This article has been updated to Yuque. If you reply "Yuque" in the background, you can get all the information that is continuously updated throughout the career of Attack Bar Big Data.
This article is based on the topic of Hive - from SQL to Hive's underlying execution principle to further study Hive in depth. It is believed that most children's shoes are only limited to the theoretical level for the execution process of Hive's underlying layer. Then this article will take you to spend about half an hour to track the Hive source code on your own machine. Through this article, you will be able to learn:
1. The installation and deployment of each component
2. The ability to solve problems
3. Do it yourself to debug the Hive source code locally, that is, submitting SQL locally is more appropriate to trace the underlying process
There are many similar implementation articles on the Internet, but most of them are scattered. This article will take you from zero to one complete implementation of this function. Note: All basic software packages and execution files involved in this article have been uploaded to Yuque Documentation and this article is based on Windows
Environmental preparation
1. Maven installation
1.1. Download the software package and decompress it
The software package has been uploaded to the Yuque document. Children’s shoes in need can be collected by replying to "Yuque" in the background. If the password fails, please contact the editor
1.2. Configure environment variables
1.3, configure maven image
Open the $MAVEN_HOME/conf/settings.xml file, adjust the maven warehouse address and mirror address
<settings xmlns="http://maven.apache.org/SETTINGS/1.0.0"
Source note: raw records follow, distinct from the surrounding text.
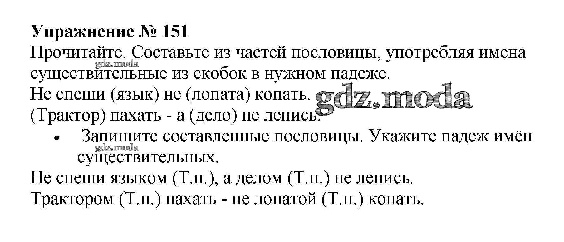 ОТВЕТ на задание № 151 Рабочая тетрадь по Русскому языку 4 класс Канакина Школа России
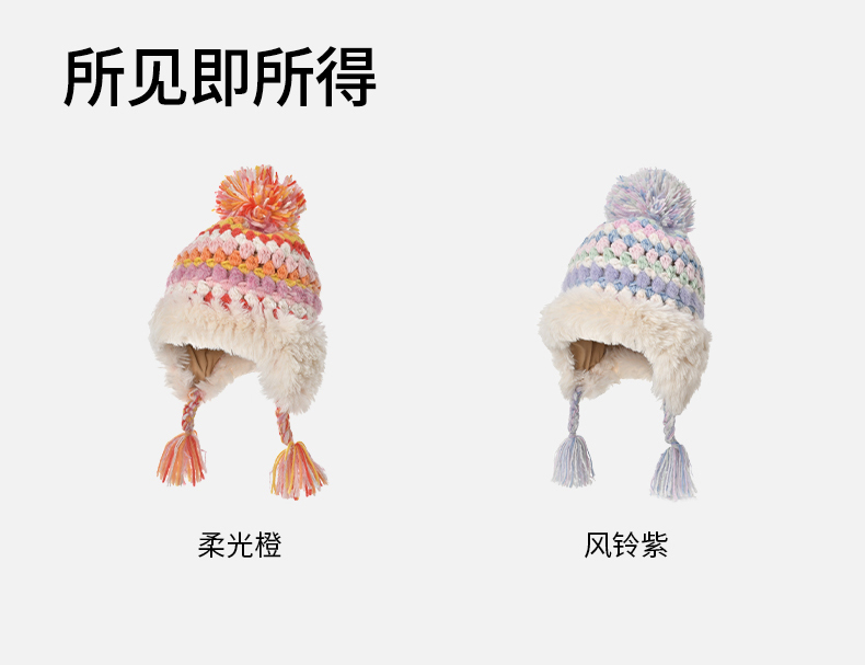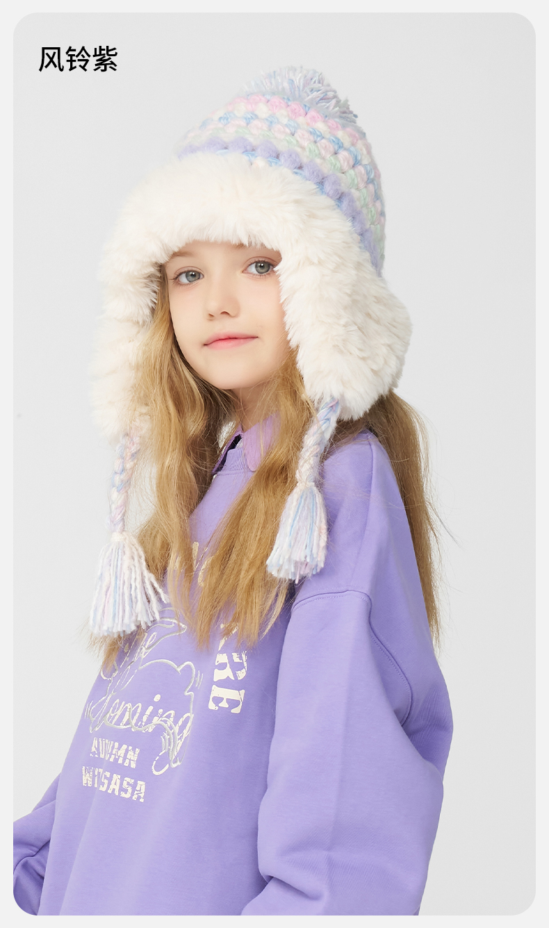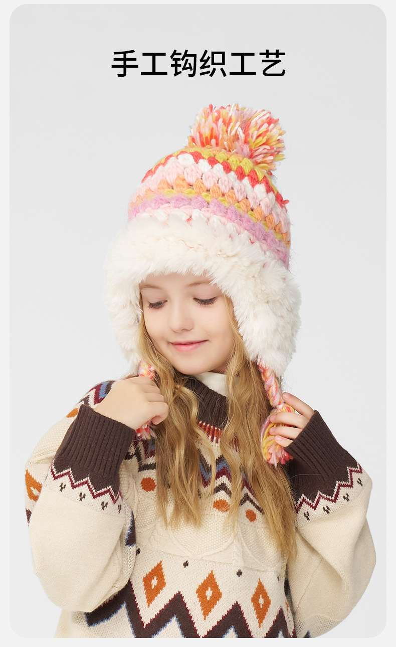 【云优选】卡蒙冬季儿童绵羊毛缤纷彩色撞色毛边大毛球针织帽KM-4467
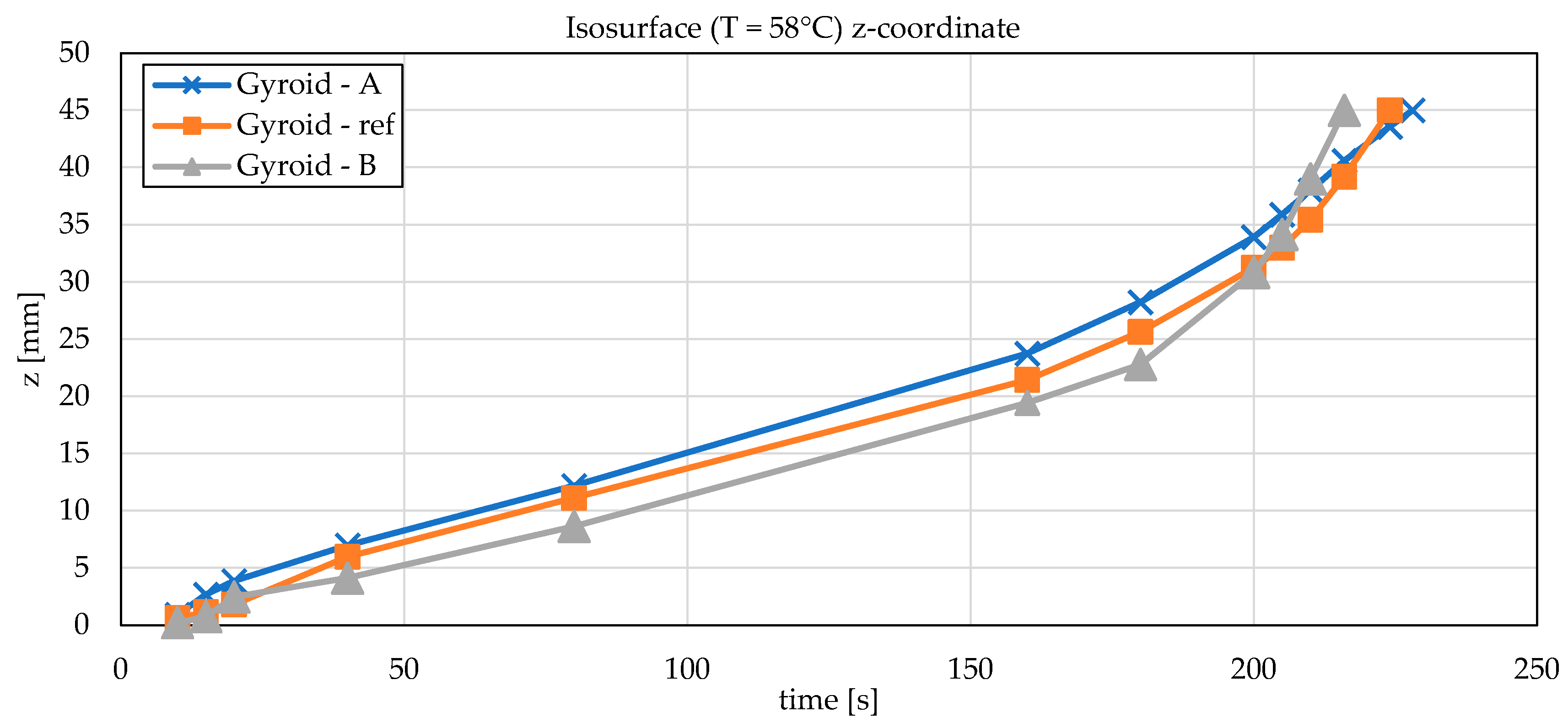 Figure 11, reveals that during the early stages of heating (t < 100 s) all three geometries behave rather similarly, and the thermal front advances upward at nearly the same rate. The differences begin to intensify only during the later stage of the heating process. The fastest upward movement of the isotherm toward the top of the PCM is observed for Gyroid-A, which is linked to concentrated heat conduction through the dense lower portion of its structure. The reference gyroid exhibits a slightly slower progression. Interestingly, Gyroid-B behaves differently: in the initial stages it shows the slowest advance of the isotherm, but its curve rises more steeply later, and at several time points it catches up with or slightly surpasses the reference geometry. This behavior suggests that although Gyroid-B is highly open in its lower region—resulting in a more spatially distributed heat-transfer zone on the wetted surface, its progressively densifying upper region enables efficient upward redistribution of heat once the PCM becomes more uniformly warmed.

xmlns:xsi="http://www.w3.org/2001/XMLSchema-instance"
xsi:schemaLocation="http://maven.apache.org/SETTINGS/1.0.0
https://maven.apache.org/xsd/settings-1.0.0.xsd">
<localRepository>你自己的路径</localRepository>
<mirrors>
<mirror>
<id>alimaven</id>
<name>aliyun maven</name>
<url>http://maven.aliyun.com/nexus/content/groups/public/</url>
<mirrorOf>central</mirrorOf>
</mirror>
</mirrors>
</settings>
Two, cywin installation
The software installation is mainly to support the basic environment package involved in compiling the source code of windows
2.1. Download the software package
The software package has been uploaded to the Yuque document. Children’s shoes in need can be collected by replying to "Yuque" in the background. If the password fails, please contact the editor
2.2. Install related software packages online
Need to install cywin, gcc+ related compilation packages
binutils
gcc
gcc-mingw
gdb
3. JDK installation
3.1. Download the software package and decompress it
The software package has been uploaded to the Yuque document. Children’s shoes in need can be collected by replying to "Yuque" in the background. If the password fails, please contact the editor
3.2, configure environment variables
3.2.1. Create JAVA_HOME system variable
3.2.2. Create CLASSPATH variable 3.2.3. Add Path variable
4. Hadoop installation
4.1. Download the software package and decompress it
The software package has been uploaded to the Yuque document. Children’s shoes in need can be collected by replying to "Yuque" in the background. If the password fails, please contact the editor
4.2, configure environment variables
Create the HADOOP_HOME system variable and append this variable to the Path global variable
4.3. Edit configuration file
Note: The downloaded software package may not contain the following files, but the template file is provided, just rename it directly. Since this article is for self-use, only the basic core information needs to be configured. The following files are located in the $HADOOP_HOME/etc/hadoop directory.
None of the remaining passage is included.